▶ [What you should do] Copy all the records exactly; the complete set is the expected result.

(Extracted records)
BEGIN
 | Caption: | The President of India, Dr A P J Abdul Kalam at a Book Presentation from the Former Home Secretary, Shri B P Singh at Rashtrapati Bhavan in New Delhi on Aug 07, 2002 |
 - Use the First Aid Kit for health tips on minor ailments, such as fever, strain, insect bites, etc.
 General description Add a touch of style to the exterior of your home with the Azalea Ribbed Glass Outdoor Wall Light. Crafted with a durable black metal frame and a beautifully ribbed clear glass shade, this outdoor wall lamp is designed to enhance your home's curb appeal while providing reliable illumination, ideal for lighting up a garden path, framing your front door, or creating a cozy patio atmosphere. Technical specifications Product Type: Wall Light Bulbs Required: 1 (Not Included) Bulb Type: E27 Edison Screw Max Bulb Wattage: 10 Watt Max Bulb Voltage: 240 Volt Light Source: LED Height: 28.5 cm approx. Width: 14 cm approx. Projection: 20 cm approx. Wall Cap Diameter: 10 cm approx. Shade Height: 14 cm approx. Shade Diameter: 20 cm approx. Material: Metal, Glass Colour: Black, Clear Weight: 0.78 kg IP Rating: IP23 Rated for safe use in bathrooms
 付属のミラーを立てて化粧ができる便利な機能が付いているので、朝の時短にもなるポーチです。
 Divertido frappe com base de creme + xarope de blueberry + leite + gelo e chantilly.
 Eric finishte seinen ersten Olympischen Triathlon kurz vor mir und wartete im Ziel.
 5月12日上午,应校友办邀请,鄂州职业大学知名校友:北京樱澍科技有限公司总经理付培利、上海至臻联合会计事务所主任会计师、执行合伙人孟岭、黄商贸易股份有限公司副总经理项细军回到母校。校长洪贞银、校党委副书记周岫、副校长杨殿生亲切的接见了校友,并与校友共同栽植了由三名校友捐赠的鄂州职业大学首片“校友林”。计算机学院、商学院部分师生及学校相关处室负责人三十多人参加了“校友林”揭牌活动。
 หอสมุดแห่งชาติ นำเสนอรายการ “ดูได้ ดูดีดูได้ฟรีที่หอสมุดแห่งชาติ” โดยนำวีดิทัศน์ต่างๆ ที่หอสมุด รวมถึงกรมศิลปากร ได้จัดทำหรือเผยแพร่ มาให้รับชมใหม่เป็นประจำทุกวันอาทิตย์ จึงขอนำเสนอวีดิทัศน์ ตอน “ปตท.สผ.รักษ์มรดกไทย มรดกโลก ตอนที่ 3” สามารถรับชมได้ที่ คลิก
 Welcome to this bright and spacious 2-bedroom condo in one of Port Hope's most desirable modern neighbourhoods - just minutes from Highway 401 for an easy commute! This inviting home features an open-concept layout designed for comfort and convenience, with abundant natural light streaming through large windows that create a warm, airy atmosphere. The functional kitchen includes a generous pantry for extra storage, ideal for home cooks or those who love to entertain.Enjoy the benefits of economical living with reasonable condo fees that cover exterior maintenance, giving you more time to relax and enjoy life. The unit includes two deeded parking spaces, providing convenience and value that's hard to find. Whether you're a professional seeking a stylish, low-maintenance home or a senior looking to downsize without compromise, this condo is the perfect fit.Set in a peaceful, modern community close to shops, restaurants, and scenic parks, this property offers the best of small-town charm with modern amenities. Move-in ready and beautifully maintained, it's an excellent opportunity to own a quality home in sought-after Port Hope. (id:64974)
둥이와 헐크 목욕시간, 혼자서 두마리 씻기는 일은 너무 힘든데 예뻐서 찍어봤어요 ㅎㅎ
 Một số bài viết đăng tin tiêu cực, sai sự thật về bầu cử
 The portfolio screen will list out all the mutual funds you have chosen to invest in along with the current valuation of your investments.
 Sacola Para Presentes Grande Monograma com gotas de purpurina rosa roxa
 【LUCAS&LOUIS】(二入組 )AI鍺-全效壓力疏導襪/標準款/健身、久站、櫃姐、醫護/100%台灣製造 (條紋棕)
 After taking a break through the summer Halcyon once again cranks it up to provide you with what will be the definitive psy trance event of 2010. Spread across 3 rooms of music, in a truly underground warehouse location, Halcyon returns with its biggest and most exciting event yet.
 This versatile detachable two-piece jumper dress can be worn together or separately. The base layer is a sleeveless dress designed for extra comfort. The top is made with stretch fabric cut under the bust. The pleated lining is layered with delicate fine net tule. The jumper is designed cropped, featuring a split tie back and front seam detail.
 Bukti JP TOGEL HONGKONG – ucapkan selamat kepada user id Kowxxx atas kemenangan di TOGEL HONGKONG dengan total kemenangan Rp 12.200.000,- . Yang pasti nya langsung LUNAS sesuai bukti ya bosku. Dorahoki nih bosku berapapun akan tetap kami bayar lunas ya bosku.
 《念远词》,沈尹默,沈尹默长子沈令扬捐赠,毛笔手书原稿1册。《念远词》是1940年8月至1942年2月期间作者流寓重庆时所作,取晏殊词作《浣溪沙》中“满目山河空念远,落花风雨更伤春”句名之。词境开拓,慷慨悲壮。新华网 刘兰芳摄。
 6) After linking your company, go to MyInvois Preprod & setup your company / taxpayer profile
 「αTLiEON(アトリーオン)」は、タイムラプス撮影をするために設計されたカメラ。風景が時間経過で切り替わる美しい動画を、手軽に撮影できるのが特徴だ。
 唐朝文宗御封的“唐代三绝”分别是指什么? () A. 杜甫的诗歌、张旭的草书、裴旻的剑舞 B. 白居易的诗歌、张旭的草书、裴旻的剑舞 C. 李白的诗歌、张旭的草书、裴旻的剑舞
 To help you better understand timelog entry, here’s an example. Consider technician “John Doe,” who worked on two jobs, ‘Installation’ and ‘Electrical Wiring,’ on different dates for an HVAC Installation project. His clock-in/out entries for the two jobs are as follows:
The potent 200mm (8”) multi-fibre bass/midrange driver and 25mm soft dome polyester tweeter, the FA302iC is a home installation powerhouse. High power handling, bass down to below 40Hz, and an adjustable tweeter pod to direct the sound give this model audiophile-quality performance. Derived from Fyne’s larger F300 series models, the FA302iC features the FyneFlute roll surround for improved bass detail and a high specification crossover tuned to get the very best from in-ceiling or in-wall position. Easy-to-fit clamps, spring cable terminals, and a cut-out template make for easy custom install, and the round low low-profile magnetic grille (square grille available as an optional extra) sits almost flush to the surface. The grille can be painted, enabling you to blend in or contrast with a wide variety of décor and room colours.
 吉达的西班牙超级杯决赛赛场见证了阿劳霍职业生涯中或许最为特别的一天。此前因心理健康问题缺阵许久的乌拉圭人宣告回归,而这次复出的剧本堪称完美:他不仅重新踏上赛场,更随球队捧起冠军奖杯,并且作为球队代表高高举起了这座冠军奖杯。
END
▶ [Output of the exercise]
 | Caption: | The President of India, Dr A P J Abdul Kalam at a Book Presentation from the Former Home Secretary, Shri B P Singh at Rashtrapati Bhavan in New Delhi on Aug 07, 2002 |
 - Use the First Aid Kit for health tips on minor ailments, such as fever, strain, insect bites, etc.
 General description Add a touch of style to the exterior of your home with the Azalea Ribbed Glass Outdoor Wall Light. Crafted with a durable black metal frame and a beautifully ribbed clear glass shade, this outdoor wall lamp is designed to enhance your home's curb appeal while providing reliable illumination, ideal for lighting up a garden path, framing your front door, or creating a cozy patio atmosphere. Technical specifications Product Type: Wall Light Bulbs Required: 1 (Not Included) Bulb Type: E27 Edison Screw Max Bulb Wattage: 10 Watt Max Bulb Voltage: 240 Volt Light Source: LED Height: 28.5 cm approx. Width: 14 cm approx. Projection: 20 cm approx. Wall Cap Diameter: 10 cm approx. Shade Height: 14 cm approx. Shade Diameter: 20 cm approx. Material: Metal, Glass Colour: Black, Clear Weight: 0.78 kg IP Rating: IP23 Rated for safe use in bathrooms
 付属のミラーを立てて化粧ができる便利な機能が付いているので、朝の時短にもなるポーチです。
 Divertido frappe com base de creme + xarope de blueberry + leite + gelo e chantilly.
 Eric finishte seinen ersten Olympischen Triathlon kurz vor mir und wartete im Ziel.
 5月12日上午,应校友办邀请,鄂州职业大学知名校友:北京樱澍科技有限公司总经理付培利、上海至臻联合会计事务所主任会计师、执行合伙人孟岭、黄商贸易股份有限公司副总经理项细军回到母校。校长洪贞银、校党委副书记周岫、副校长杨殿生亲切的接见了校友,并与校友共同栽植了由三名校友捐赠的鄂州职业大学首片“校友林”。计算机学院、商学院部分师生及学校相关处室负责人三十多人参加了“校友林”揭牌活动。
 หอสมุดแห่งชาติ นำเสนอรายการ “ดูได้ ดูดีดูได้ฟรีที่หอสมุดแห่งชาติ” โดยนำวีดิทัศน์ต่างๆ ที่หอสมุด รวมถึงกรมศิลปากร ได้จัดทำหรือเผยแพร่ มาให้รับชมใหม่เป็นประจำทุกวันอาทิตย์ จึงขอนำเสนอวีดิทัศน์ ตอน “ปตท.สผ.รักษ์มรดกไทย มรดกโลก ตอนที่ 3” สามารถรับชมได้ที่ คลิก
 Welcome to this bright and spacious 2-bedroom condo in one of Port Hope's most desirable modern neighbourhoods - just minutes from Highway 401 for an easy commute! This inviting home features an open-concept layout designed for comfort and convenience, with abundant natural light streaming through large windows that create a warm, airy atmosphere. The functional kitchen includes a generous pantry for extra storage, ideal for home cooks or those who love to entertain.Enjoy the benefits of economical living with reasonable condo fees that cover exterior maintenance, giving you more time to relax and enjoy life. The unit includes two deeded parking spaces, providing convenience and value that's hard to find. Whether you're a professional seeking a stylish, low-maintenance home or a senior looking to downsize without compromise, this condo is the perfect fit.Set in a peaceful, modern community close to shops, restaurants, and scenic parks, this property offers the best of small-town charm with modern amenities. Move-in ready and beautifully maintained, it's an excellent opportunity to own a quality home in sought-after Port Hope. (id:64974)
둥이와 헐크 목욕시간, 혼자서 두마리 씻기는 일은 너무 힘든데 예뻐서 찍어봤어요 ㅎㅎ
 Một số bài viết đăng tin tiêu cực, sai sự thật về bầu cử
 The portfolio screen will list out all the mutual funds you have chosen to invest in along with the current valuation of your investments.
 Sacola Para Presentes Grande Monograma com gotas de purpurina rosa roxa
 【LUCAS&LOUIS】(二入組 )AI鍺-全效壓力疏導襪/標準款/健身、久站、櫃姐、醫護/100%台灣製造 (條紋棕)
 After taking a break through the summer Halcyon once again cranks it up to provide you with what will be the definitive psy trance event of 2010. Spread across 3 rooms of music, in a truly underground warehouse location, Halcyon returns with its biggest and most exciting event yet.
 This versatile detachable two-piece jumper dress can be worn together or separately. The base layer is a sleeveless dress designed for extra comfort. The top is made with stretch fabric cut under the bust. The pleated lining is layered with delicate fine net tule. The jumper is designed cropped, featuring a split tie back and front seam detail.
 Bukti JP TOGEL HONGKONG – ucapkan selamat kepada user id Kowxxx atas kemenangan di TOGEL HONGKONG dengan total kemenangan Rp 12.200.000,- . Yang pasti nya langsung LUNAS sesuai bukti ya bosku. Dorahoki nih bosku berapapun akan tetap kami bayar lunas ya bosku.
 《念远词》,沈尹默,沈尹默长子沈令扬捐赠,毛笔手书原稿1册。《念远词》是1940年8月至1942年2月期间作者流寓重庆时所作,取晏殊词作《浣溪沙》中“满目山河空念远,落花风雨更伤春”句名之。词境开拓,慷慨悲壮。新华网 刘兰芳摄。
 6) After linking your company, go to MyInvois Preprod & setup your company / taxpayer profile
 「αTLiEON(アトリーオン)」は、タイムラプス撮影をするために設計されたカメラ。風景が時間経過で切り替わる美しい動画を、手軽に撮影できるのが特徴だ。
 唐朝文宗御封的“唐代三绝”分别是指什么? () A. 杜甫的诗歌、张旭的草书、裴旻的剑舞 B. 白居易的诗歌、张旭的草书、裴旻的剑舞 C. 李白的诗歌、张旭的草书、裴旻的剑舞
 To help you better understand timelog entry, here’s an example. Consider technician “John Doe,” who worked on two jobs, ‘Installation’ and ‘Electrical Wiring,’ on different dates for an HVAC Installation project. His clock-in/out entries for the two jobs are as follows:
The potent 200mm (8”) multi-fibre bass/midrange driver and 25mm soft dome polyester tweeter, the FA302iC is a home installation powerhouse. High power handling, bass down to below 40Hz, and an adjustable tweeter pod to direct the sound give this model audiophile-quality performance. Derived from Fyne’s larger F300 series models, the FA302iC features the FyneFlute roll surround for improved bass detail and a high specification crossover tuned to get the very best from in-ceiling or in-wall position. Easy-to-fit clamps, spring cable terminals, and a cut-out template make for easy custom install, and the round low low-profile magnetic grille (square grille available as an optional extra) sits almost flush to the surface. The grille can be painted, enabling you to blend in or contrast with a wide variety of décor and room colours.
 吉达的西班牙超级杯决赛赛场见证了阿劳霍职业生涯中或许最为特别的一天。此前因心理健康问题缺阵许久的乌拉圭人宣告回归,而这次复出的剧本堪称完美:他不仅重新踏上赛场,更随球队捧起冠军奖杯,并且作为球队代表高高举起了这座冠军奖杯。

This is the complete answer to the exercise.